PTY or IO.select timing issue results in no EOF
I have observed that when running a shell through PTY the slave will sometimes fail to produce an EOF after an exit command. As a result polling via IO.select can timeout. A full example is attached. This is a simplified example illustrating the problematic loop:
# PTY.spawn ...
master.write "exit 8\n"
str = ''
raise "timeout waiting for slave EOF"
if slave.eof? break end str << slave.read(1)
After 'exit' is written to master, the loop normally reads all of slave into str. The select ensures the loop can timeout but under normal circumstances it will not (3 seconds is plenty of time to exit a shell). The bug is that it occasionally does timeout having never seen an EOF - meaning either the select is not detecting EOF on the slave or an EOF is not being written to the slave.
The bizarre thing is that I can confirm after the timeout that the pty process does exit with the correct status (8) regardless of whether the loop exits normally with an EOF or by timeout.
I'm not sure if this is an issue with the PTY implementation, an issue with the shell, or with the OS. I have observed the bug repeatedly using 1.9.2 on OS X 10.6.8, Ubuntu 11.04, and SLES 10, and with shells bash, ksh, csh, zsh (although mostly with bash).

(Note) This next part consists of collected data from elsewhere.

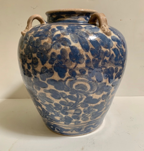 Blue Bulbous Pot with Four Loop Handles (1 of 3)
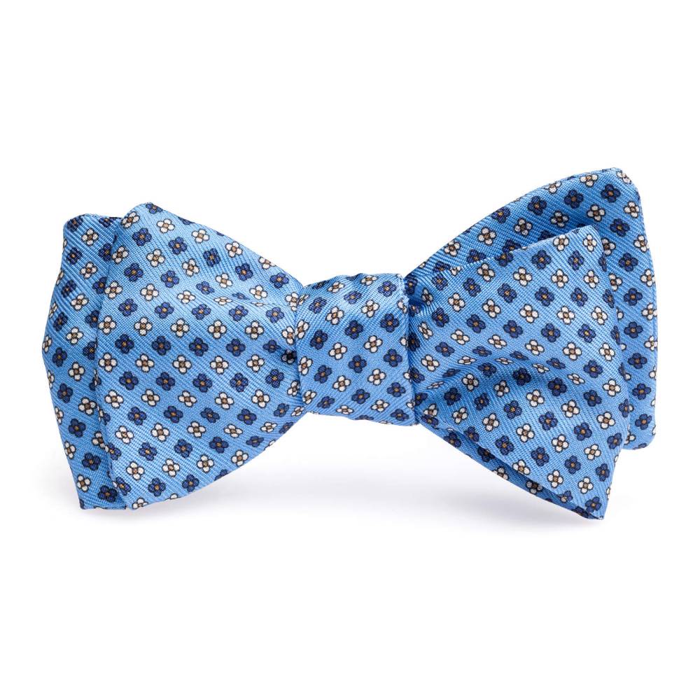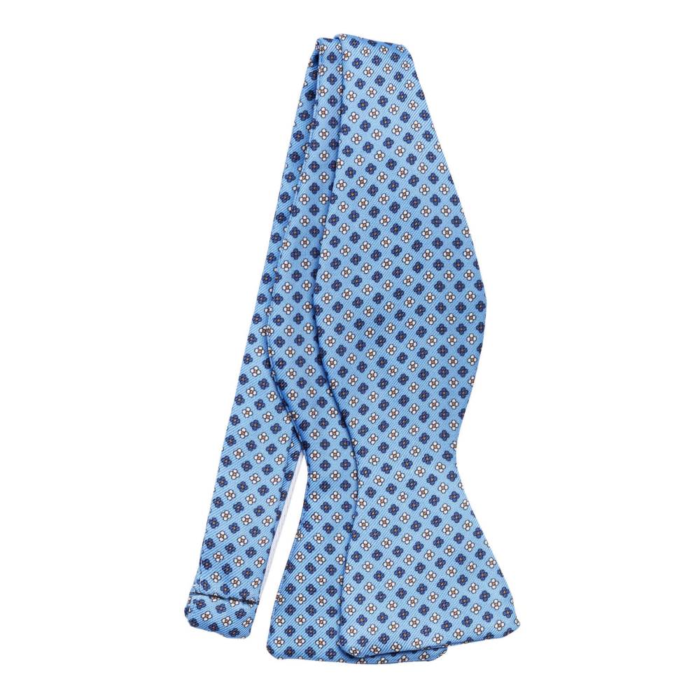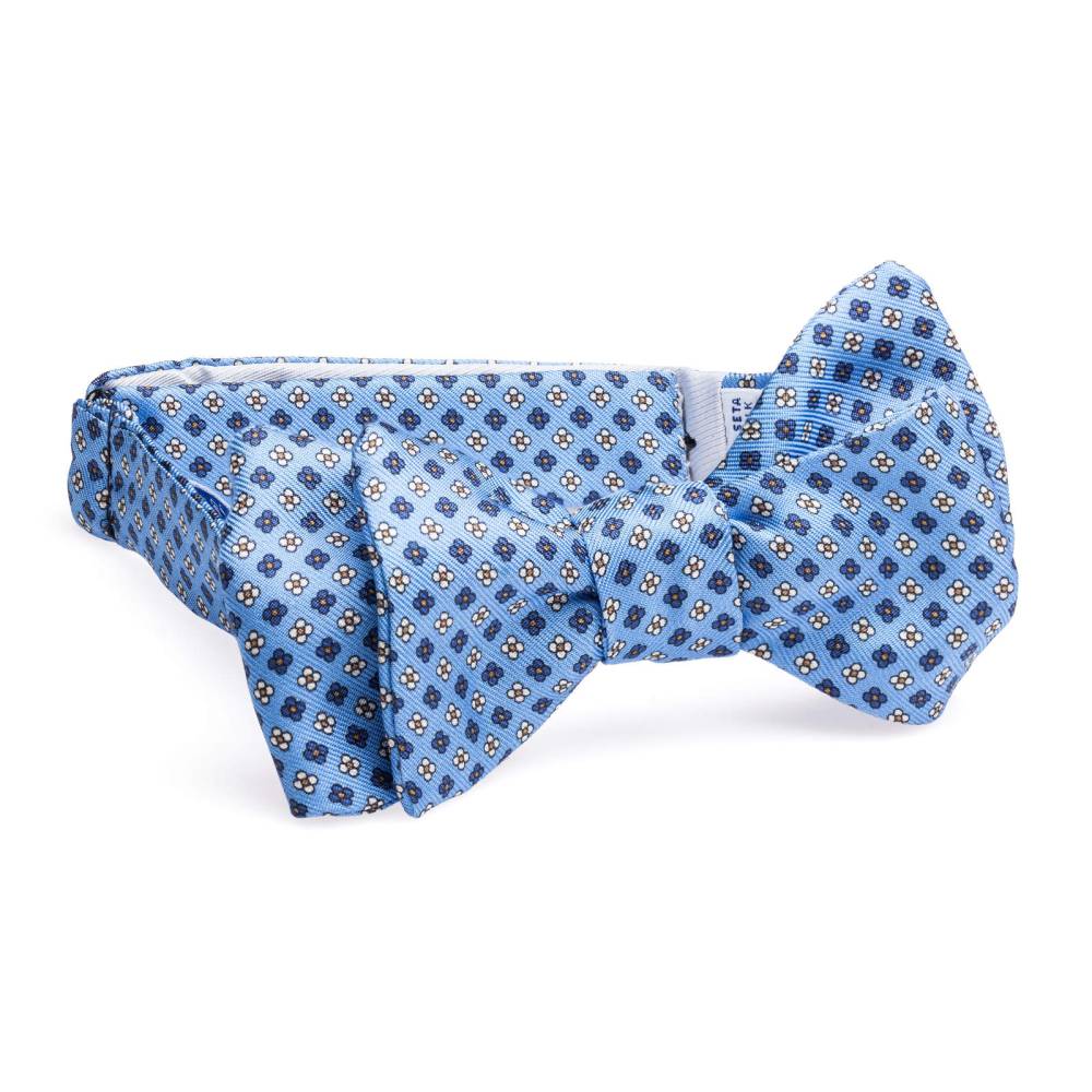 Классическая бабочка из высококачественного шелка синего цвета. Полотно ткани украшено цветочными узорами белых, синих и жёлтых оттенков. Размер регулируется при помощи пластиковой застёжки. Бабочка сделана вручную на небольшой итальянской фабрике семейного бренда Petronius в Милане. Больше 80 лет в этом ателье занимаются пошивом роскошных аксессуаров из отборных натуральных тканей. Продукция Petronius представлена в старейших бутиках и универмагах мира, среди которых Barney's и Bergdorf Goodman в Нью-Йорке.
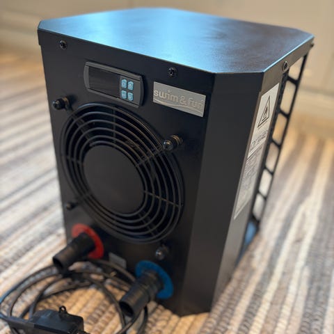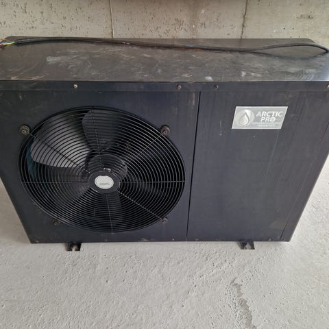 Vi bruker ikke bassenget lenger, så vi selger varmepumpen.
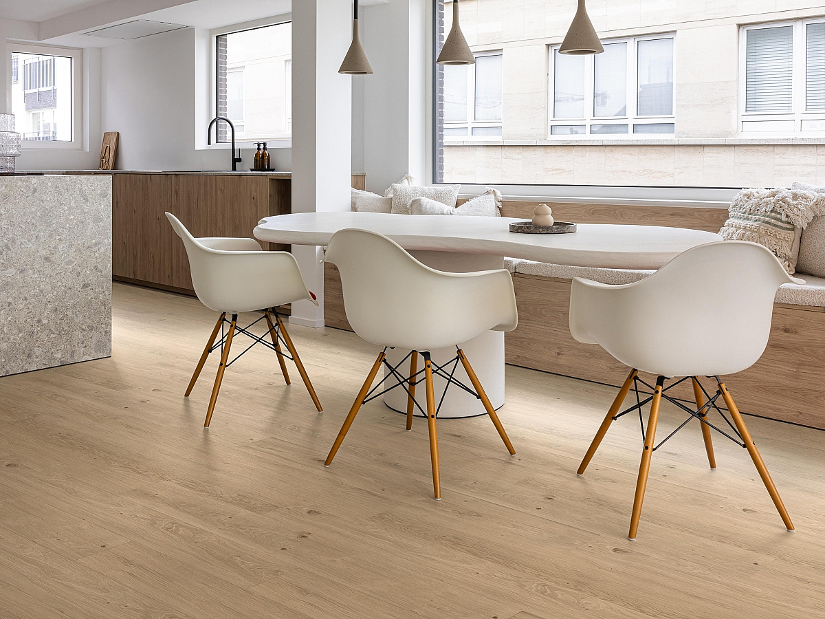 CORETEC Proplus spája minimalistický vzhľad s vysokou odolnosťou. Vďaka povrchu EIR (Embossed In Register) je reliéf synchrónny s kresbou, takže drevo pôsobí maximálne autenticky. Procore® jadro, 0,55 mm nášľapná vrstva a 1 mm integrovaná korková podložka pre teplý, tichý krok. Plávajúce click (angle tap) bez aklimatizácie, 100% vodeodolná konštrukcia; vhodné pre byty aj komerciu.
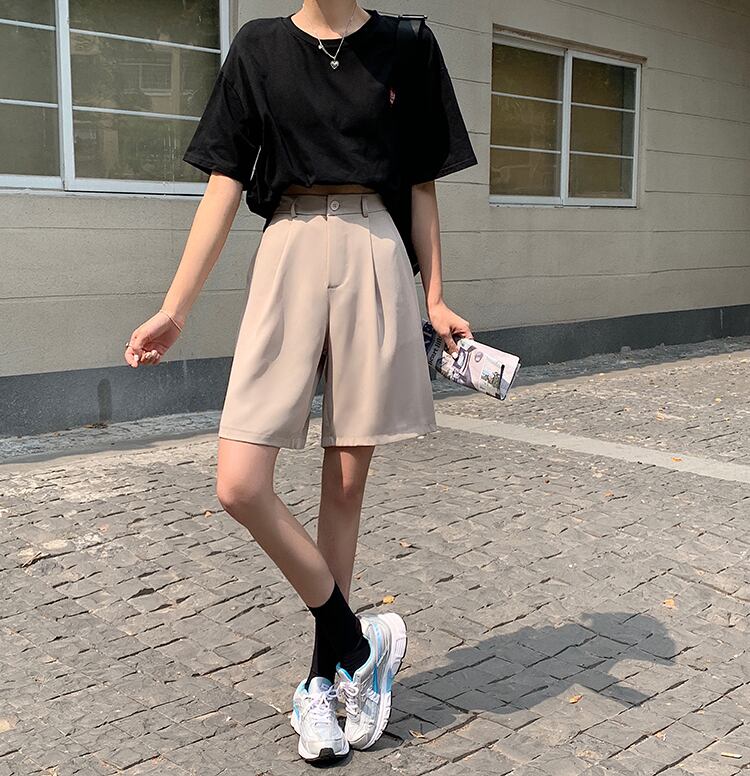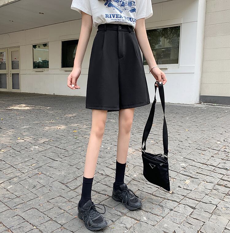 ブラックショーツ サマールーズパンツ ハイウェストウェストカジュアル 夏物 ブルマー タオタオイ3521524833
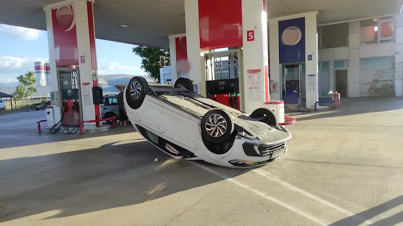 Takla atan otomobil akaryakıt istasyonuna daldı; sürücünün yaralandığı kaza kamerada/ Ek fotoğraflar
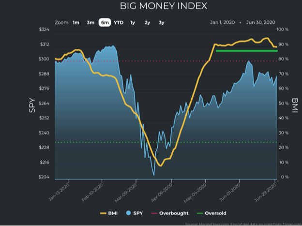 In 2020, the BMI flatlined in overbought territory for weeks:
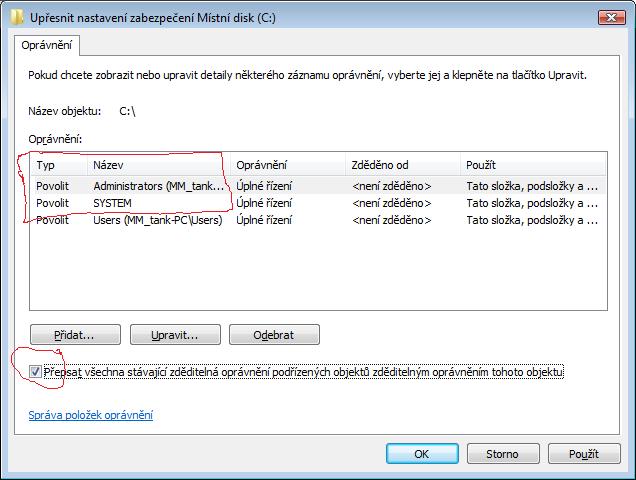 pokud to nepomůže zkus ještě definovat kdo na disk může šahat.To je to nebezpečný. Musí tam být system, administrators a já dávám ještě users Všimni si že Administrator a Administrators není to samý! Dole zaškrtnout přepsat všechna...Nastav úplné řízení. Pokud je tam něco navíc než ti tři typicky s otazníkem tak to vymaž.

I suspect the PTY implementation plays some role because the bug does not appear to occur on 1.8.7 and 1.8.6. However the frequency of the bug varies so much across OS and shell, I know it could very well be an issue outside of ruby.
To reproduce, run the pty_fail.rb script for 10k (or more) iterations. On OS X it usually crops up within 10k. On Ubuntu 11.04 it is very, very rare, ~100k may be needed. Ex:
ruby pty_no_eof_example.rb 10000 /bin/bash
Updated by akr (Akira Tanaka) over 7 years ago
- Status changed from Assigned to Feedback
I tried to reproduce the problem on Debian GNU/Linux and FreeBSD. (I don't have Mac OS X.)
It is possible but very rare.
However the problem is occur more frequently if I run different heavy task on the host.
So, I guess the problem is just a "3 seconds is not enough".
It is possible that OS runs the child process very slowly if the host is very busy.
Is there an evidence that this problem is actually the problem of Ruby?